Over the past few days I’ve been with my son and daughter, while my ex has been out of the country, and my son has been talking about a place called The Blue Star House. He calls it ‘my Blue Star House.’
I’ve gone with it and listened to what he’s said, not understanding much of what he’s talking about, but it sounds fantastic! He goes there in his Blue Star car and it’s got all sorts of things in it. It’s got his toys from when he was a baby, it’s got a cinema in it, it’s got his friend Thomas The Tank Engine, it sounds great. The Blue Star House is a place in his imagination.
I’ve asked him questions about The Blue Star House to find out what it’s all about, and perhaps a bit more about him and his imagination, but he just keeps telling me the same things. It’s got his toys from when he was a baby, it’s got a cinema in it. Actually he told me this part while we were sitting on the sofa the other day about to watch a DVD. He was pretending the living room was a cinema, and he was in charge of the cinema. He’s a generous cinema owner, you should all come along. He gave us all sweeties and tucked us up with a blanket and then came and joined us and we watched Up.

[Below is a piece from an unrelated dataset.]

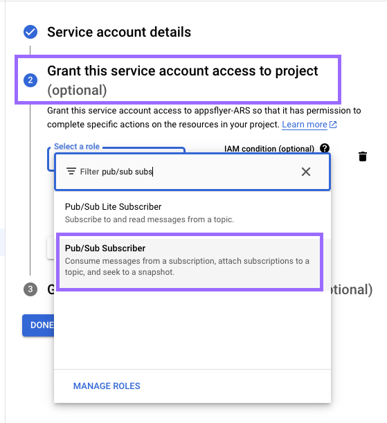 1. На шаге Grant this service account access to the project выберите роль подписчика Pub/sub, после чего нажмите кнопку Done.

I wonder if the cinema in his Blue Star House is like this? If so, it’s cool. I want to be in his Blue Star House.
This morning, on the way to preschool I decided to find out as much as I could about this Blue Star House as some things became… I dunno. Something.
The front door to his house is blue, and hanging from the back of the door, glinting in the light through the window is a star. His house has a pretend cinema, his house has all the toys from when he was a baby, his house has lots of versions of his friend Thomas The Tank Engine. So perhaps I’m just misunderstanding and it’s not a place in his imagination, it’s his home. His real home and I’m just not understanding.
“It has a cinema daddy, and all my toys from when I was a baby. It has my friend Thomas. It has Keela, my beautiful sister and a cinema and… errrrrrrmmmm…”
It’s becoming obvious now. He calls HIS actual house ‘my Blue Star House.’ Right. Got it. On message now Tiernan, now I’m with you.
“So your house, where you live, that’s your Blue Star House?”
“No Daddy. Silly Daddy. It’s in my sleep.”
“Sorry Tiernan? It’s a dream? It’s a dream house?”
“I go to my Blue Star House when I go to sleep Daddy. And in my Blue Star House there’s a cinema, and all my toys from when I was a baby, and my friend Thomas. And my beautiful sister Keela, and my Mummy and Daddy. And we all live together forever and we all live happily ever after. I love my Blue Star House.”
I kissed my son’s head. And took a big deep breath as we carried on our way.
I held it together. I held it together long enough to sing songs on the way to preschool, to take their coats off and kiss them goodbye and say see you later. I held it together until I got round the corner and went to the cemetery and sat down on the bench in the corner. I held it together that long and then I just wept. I wept huge tears that fell at my feet while I sat shaking, angry at myself for not understanding, angry at myself for a lot of things, angry at others, and sad, overwhelmingly sad because…
I cried those tears because my insides felt crushed.
I cried those tears because I can’t make my son’s dreams come true.